Exercise goal: Transcribe the listing below exactly, from its first line through the line with "5月15日,2022年职业教". Omit the pictures.

Information shown:
==============================

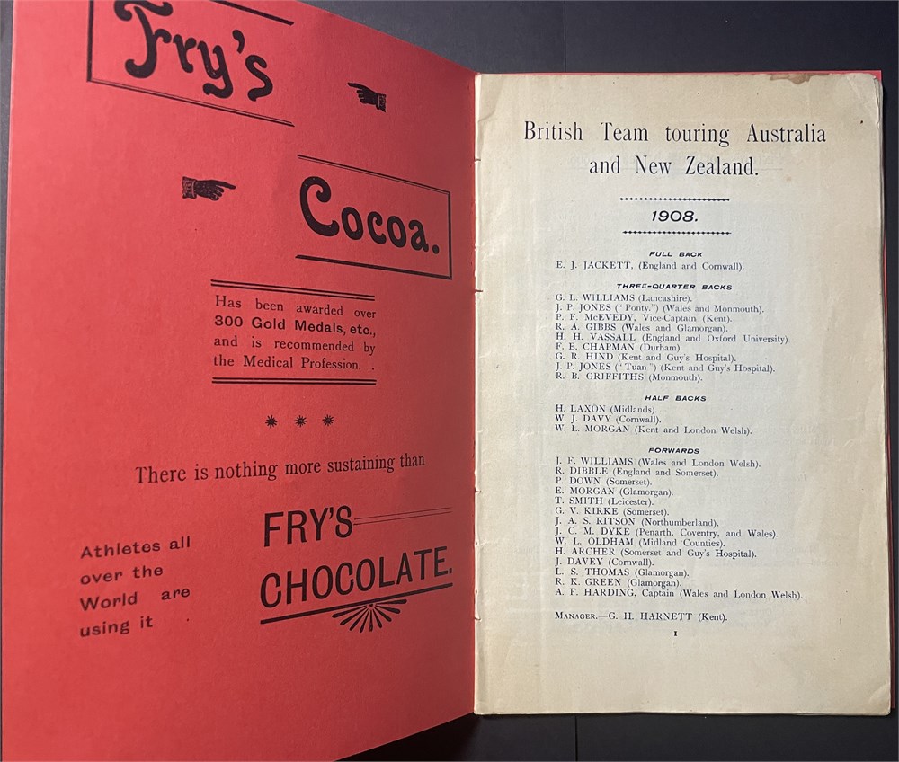 Cover is a reprint. Contents original "Souvenir and Official Programme of the British Rugby Football Team In New Zealand". Ferguson and Hicks Ltd., Wellington. 32 pages. Each auction will remain OPEN for 5 minutes after the last bid has been made.
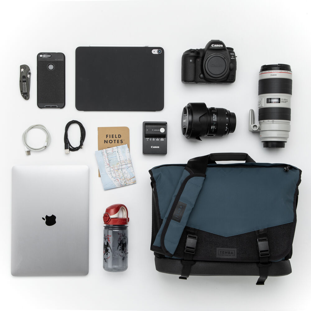 Built for seamless transitions between photojournalism and sports photography, urban exploration and adventure travel, and all kinds of social events with or without a camera, the blue Tenba DNA 13 DSLR Camera Messenger Bag can hold a camera with a 70-200mm 2.8 lens attached, three to five additional lenses, a flash, accessories, personal gear, a laptop, and a tablet. The camera and lenses fit inside a padded insert in the main compartment that can be removed to allow its use as a conventional bag. Thoughtful design features and proprietary hardware make this bag easy to use and durable against the elements.
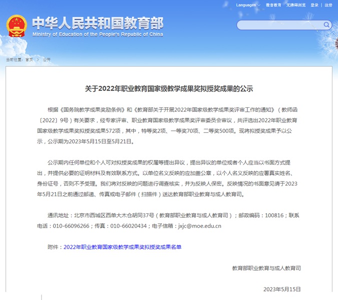5月15日,2022年职业教育国家级教学成果奖拟授奖成果公示。根据《国务院教学成果奖励条例》和《教育部关于开展2022年国家级教学成果奖评审工作的通知》(教师函〔2022〕9号)有关要求,经专家评审、职业教育国家级教学成果奖评审委员会审议,共评选出2022年职业教育国家级教学成果奖拟授奖成果572项。
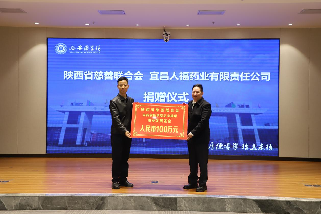 捐赠仪式上,巩守平代表学校对陕西省慈善联合会和宜昌人福药业有限责任公司对学校的支持表示感谢,介绍了学校的办学历程、育人成果以及“十五五”期间基于学科专业发展的师资队伍、人才培养、科学研究、社会服务等立德树人方面的重点工作。他强调,学校正处在深化改革、提升内涵、加快建设高水平医学院校的关键时期,需要社会资源支持相关学科专业建设。希望能够进一步深化与陕西省慈善联合会的交流互动,拓展与宜昌人福药业有限责任公司在多领域的务实合作,共同探索产学研协同创新的新路径,为“健康中国”、“健康陕西”建设贡献智慧和力量。

==============================

Exercise answer:
 Cover is a reprint. Contents original "Souvenir and Official Programme of the British Rugby Football Team In New Zealand". Ferguson and Hicks Ltd., Wellington. 32 pages. Each auction will remain OPEN for 5 minutes after the last bid has been made.
 Built for seamless transitions between photojournalism and sports photography, urban exploration and adventure travel, and all kinds of social events with or without a camera, the blue Tenba DNA 13 DSLR Camera Messenger Bag can hold a camera with a 70-200mm 2.8 lens attached, three to five additional lenses, a flash, accessories, personal gear, a laptop, and a tablet. The camera and lenses fit inside a padded insert in the main compartment that can be removed to allow its use as a conventional bag. Thoughtful design features and proprietary hardware make this bag easy to use and durable against the elements.
5月15日,2022年职业教育国家级教学成果奖拟授奖成果公示。根据《国务院教学成果奖励条例》和《教育部关于开展2022年国家级教学成果奖评审工作的通知》(教师函〔2022〕9号)有关要求,经专家评审、职业教育国家级教学成果奖评审委员会审议,共评选出2022年职业教育国家级教学成果奖拟授奖成果572项。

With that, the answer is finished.